DescriptionShishir Prakash
2014-07-17 17:50:10 UTC
Description of problem:
We have a setup nagios monitoring which logins to rhev and collects the health status. Each login creates a entry in audit_log table in database.
Now the size of this tables reaches to 400MB and the rhev-manager GUI login was very slow . can say almost impossible.
Loking at the log it says "java.lang.OutOfMemoryError: GC overhead limit exceeded " Which does not had any clue that audit_log table may causes the problem.
"2014-07-17 05:17:44,200 ERROR [org.ovirt.engine.core.bll.adbroker.GSSAPIDirContextAuthenticationStrategy] (ajp-/127.0.0.1:8702-20) Kerberos error: java.lang.OutOfMemoryError: GC overhead limit exceeded"
There are few things which i would like to imporve in audit_log.
1) if we are loggin the information in audit log then we also log source IP which can actually give us some clue also.

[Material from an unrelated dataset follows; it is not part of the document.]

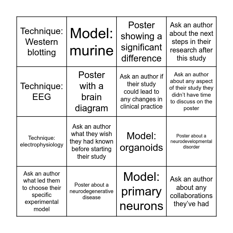This bingo card has 16 words: Poster about a neurodegenerative disease, Poster about a neurodevelopmental disorder, Poster showing a significant difference, Technique: Western blotting, Technique: electrophysiology, Model: murine, Model: organoids, Model: primary neurons, Technique: EEG, Poster with a brain diagram, Ask an author what led them to choose their specific experimental model, Ask an author about the next steps in their research after this study, Ask an author what they wish they had known before starting their study, Ask an author about any aspect of their study they didn’t have time to discuss on the poster, Ask an author if their study could lead to any changes in clinical practice and Ask an author about any collaborations they’ve had.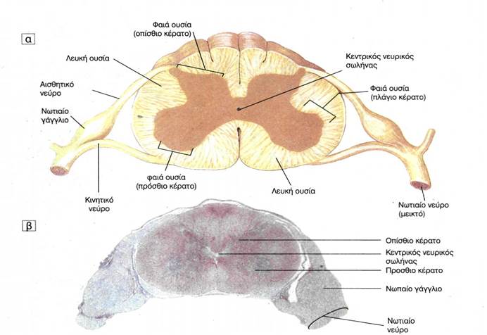εικ.11 Νωτιαίος μυελός σε εγκάρσια τομή α. διάγραμμα β. μικροφωτογραφία

2) If the audit_log size is huge then a specific alert should generate which can let the admin know that its time for cleanup or we can actually automate the cleanup based on max limit of audit_log table size.
Version-Release number of selected component (if applicable):
3.4
How reproducible:
Hit atleast 1000000 login to reproduce the issue. If the audit_log table size is exceded then you will find the rhev-manager UI will be extremely slow.
shishir-
Added to the previous test (comment 6) a script that does periodically API calls (log-in, do some GET on DC/Cluster/Host and log-out)
Did not succeeded to reproduce the problem with 1000000 records in audit_log table and the script that was running.
I am closing this as CURRENTRELEASE (approved by Oved)